Tuesday 1 August 2023

Lots of Birds but not many Butterflies


I'm currently doing regular butterfly surveys at Lauriston Farm Agroecology Project. The aim being to find out how the rewilding aspects of the project are helping improve biodiversity in the fields. To produce the best results, butterfly surveys are best done in warm, sunny weather. At least today was dry and relatively warm, but it wasn't raining, as it has done many days during the last month or so. (Some people claim that this means the UK isn't experiencing climate change, but we are! We had a severely hot and dry June and many places across the world at the moment are experiencing severe heatwaves, and forest fires caused (or certainly made worse) by these heatwaves.)

The vegetation all around me was wet from recent rain and this, combined with the dull weather, meant that I didn't see many butterflies. However, there were lots of birds around! A flock of over 50 Goldfinches and at least one Linnet were feeding in the thistles, while over 20 Swifts with several Swallows and House Martins were feeding on aerial insects. 

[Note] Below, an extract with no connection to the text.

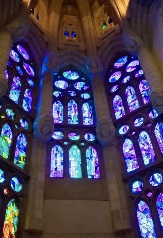 Dentro del templo, la luz atraviesa sus gigantescos vitrales y fluye lentamente en el aire. Un lado es rojo y naranja ardiente, como el sol mediterráneo fundiéndose en oro; el otro, azul y verde transparente, como el mar y las montañas al amanecer.

And everything looked lovely decorated with the recent rain, including these sweet peas at the edge of one of the growing areas: 

and these cornflowers in the 'Unexpected Garden' area of the project

The fields have wonderful views over the Firth of Forth and you get a clear sighting of Inchmickery Island. During both World War I and World War II the island was used as a gun emplacement. The concrete buildings make the island look (from a distance) like a battleship. The island is now a bird reserve. 


David M. Gascoigne, said...

Climate deniers are really delusional. The evidence, both scientific and experientially are all around us. In Canada we have out-of-control wildfires across the entire country, and a week ago Maritime Canada experienced catastrophic floods, all on a scale unknown since records were kept.

Pat @ Mille Fiori Favoriti said...

I am also sadly seeing fewer butterflies and bees this year, as well as dragonflies. The spring in my area began very cold and rainy which is unusual in our area and then became unusually hot in summer, so I wonder if that is the reason.

eileeninmd said...

Beautiful photos, love the landscapes and flowers.
I would love seeing a flock of 50 Goldfinches.
Take care, have a great day!

Sal said...

I visited the website from your link. The project looks brilliant and I like their ethos and approach…regenerative agriculture, agroecology etc. it would be good to think that more and more places like this will spring up all over the U.K.

David M. Gascoigne, said...

Do you capture the butterflies in a net for ID purposes for the survey?

Rainbow Evening said...

yes, indeed that we experience heatwave during this summer.
beautiful flower..

Crafty Green Poet said...

Hi David, delusional is the word...

Pat - I think weather has a lot to do with it, i know it does for butterflies. We've seen good numbers of dragonflies and damselflies this year, surprisingly, though fewer butterflies, bees and hoverflies,

Eileen - thanks! 50 goldfinches is quite a sight!

Sal - yes it is an excellent project, having a great positive impact on nature and community growing already. The only slight complaint is that the area where waders such as curlews used to spend the winter has been reduced, which may be a problem for these birds.

David - no I don't use a butterfly net.